Dumbing Us Down by former New York State Teacher of the Year John Taylor Gatto is a no-holds-barred critique of compulsory schooling.
In my next few blog posts, I’m going to share interesting passages from this book. I hope they will provoke both thought and discussion, and also serve as a boost to your motivation for educating your children at home.
At the risk of (or perhaps for the sake of) stirring up a bit of controversy, I’ll confess that it struck me that some of his comments regarding compulsory institutional schooling could apply to some school-at-home approaches which slavishly reproduce the institutional model without taking advantage of the freedom and individuality which home education makes possible.

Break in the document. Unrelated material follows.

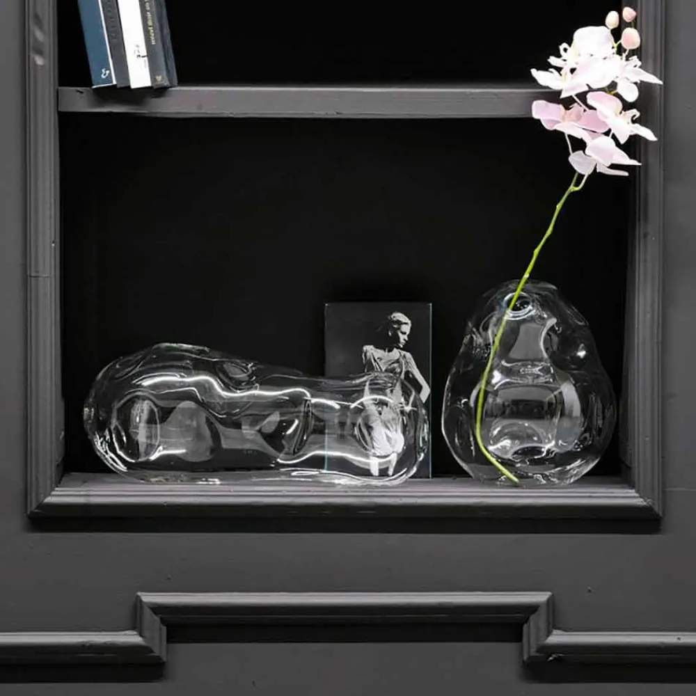 Originelles Paar dekorative Vasen made in Italy aus transparentem mundgeblasenem Glas mit exzentrischem Design. Originalität, Kreativität und Eleganz sind die besonderen Merkmale dieser Komposition moderner Vasen, die sich zu einer äußerst ungewöhnlichen und fantasievollen Einrichtungslösung zusammenfügen . Die Leidenschaft und Erfahrung der Meister des mundgeblasenen Glases ermöglichen es, ein echtes Kunstwerk zu schaffen und seinen Wert noch mehr zu steigern, ist die Tatsache, dass jedes Stück einzigartig und unwiederholbar ist, da es durch kleine Unterschiede gekennzeichnet ist, die es unterstreichen. der Wert. Das Ergebnis ist somit eine Design-Ergänzung , die dank ihrer exklusiven Persönlichkeit und ihres originellen Charakters alle Aufmerksamkeit auf sich zieht.
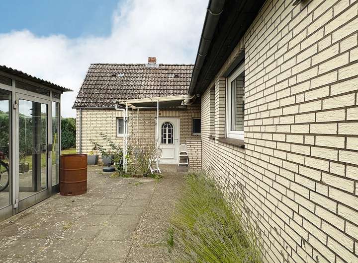 Die große Garage mit Grube bietet neben Stellfläche für Ihr Fahrzeug auch Platz für Gartengeräte und beherbergt danebenliegend die Öltanks. Ein Wintergarten lädt dazu ein, die Natur auch bei kühlerem Wetter zu genießen. Hinter dem Haus erwartet Sie eine großzügig gepflasterte Terrasse mit Blick in den weitläufigen Garten – angrenzend an Wiesen und Felder. Für die Bewässerung steht ein Brunnen mit Pumpe zur Verfügung.

During 26 years as a public schoolteacher, Gatto “began to wonder, reluctantly, whether it was possible that being in school itself was what was dumbing them down. Was it possible that I had been hired not to enlarge children’s power, but to diminish it? That seemed crazy on the face of it, but slowly I began to realize that the bells and the confinement, the crazy sequences, the age-segregation, the lack of privacy, the constant surveillance, and all the rest of the national curriculum of schooling were designed exactly as if someone had set out to prevent children from learning how to think and act, to coax them into addiction and dependent behavior.” (p. xii)
Let’s all consider whether our own approaches to educating our children are at risk of preventing our children from learning how to think and act, of coaxing them into dependent behavior.